Tag Archives: Peter Meijer

Former Rep. Rogers Enters Michigan Senate Race; New Candidate Announces in Texas; Alabama Redistricting Map Struck Down; Primary Results in RI-1 and UT-2

By Jim Ellis — Friday, Sept. 8, 2023

Senate

Michigan: Ex-Rep. Rogers Enters Senate Race — As expected, via a strong video announcement, former US Rep. Mike Rogers (R), who served in Congress from 2001 to 2015 and rose to chair the House Intelligence Committee, officially declared his US Senate candidacy.

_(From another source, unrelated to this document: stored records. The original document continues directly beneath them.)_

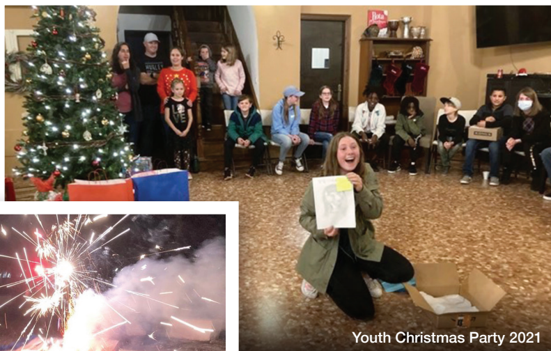
Youth Christmas Party 2021
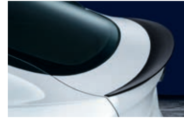
Rear spoiler, matt black 1
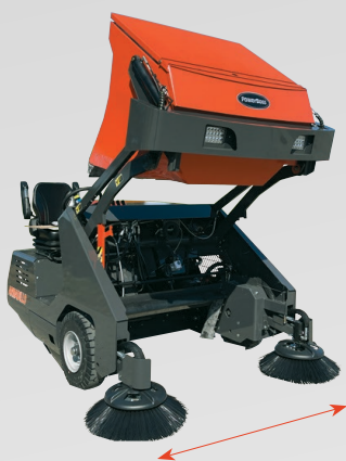
1830mm / 2133mm (width - single side / dual side sweep brush)
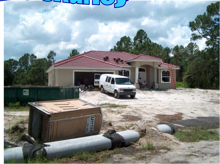
Morey's E-WALL home North Port, Florida
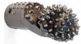
TriHawk VI P0050-163
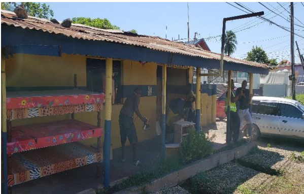
Fig2: Before Demolition

The Furniture shop was demolished in October 2018. PAPs were paid monies for the lost structure and three (3) months transition payment as salary prior to this. See annex 10 for documentation verifying payments.
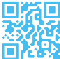
Smart Socket 2.0 Set Up
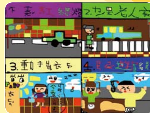
新民小學二年級 張以欣 指導老師：李珮珮
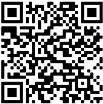
STATEMENT OF COMMITMENT & ACTION
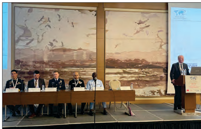
Fostering Cooperation in WBSC-24 at Turkiye

● World Border Security Congress (WBSC)-24 at Turkiye. Two member ICG delegation led by ADG Paramesh Sivamani, PTM, TM, ADG CG participated in World Security Congress-2024 conducted from 24-26 Apr 24 at Istanbul, Turkiye. WBSC is a forum for the meeting of Coast Guards and Border Agencies across the Globe, aimed at fostering cooperation and addressing maritime challenges. ADG CG delivered a lecture on “Maritime Border Challenges” to the congress and discussed potential solutions.
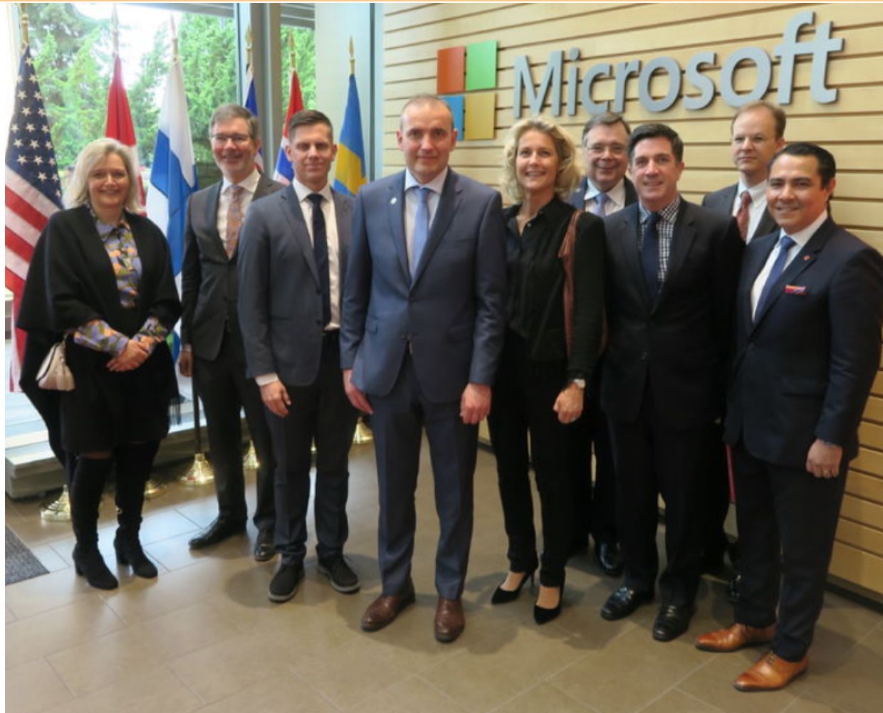
The President of Iceland visiting Microsoft headquarters

“No candidate is better prepared to have an impact on day one,” Rogers said in his video announcement. “I’m ready to serve again.”

The Rogers entry gives the Republicans a top-tier candidate in a state that has trended against the GOP in the last two elections. Polling suggests the favored Democratic candidate, US Rep. Elissa Slotkin (D-Lansing), who represents the same Michigan congressional district as did Rogers, would have only a small lead to start the campaign.

Former US Rep. Peter Meijer is also a potential Republican candidate, though the Rogers entry would make him a major underdog in a statewide primary. Meijer was elected to the House in 2020 but lost his bid for renomination in 2022. Rep. Slotkin faces state Board of Education President Pamela Pugh, actor Hill Harper, and former state Rep. Leslie Love in the Democratic primary. Both Rep. Slotkin and Rogers should be viewed as heavy favorites to win their respective partisan primaries.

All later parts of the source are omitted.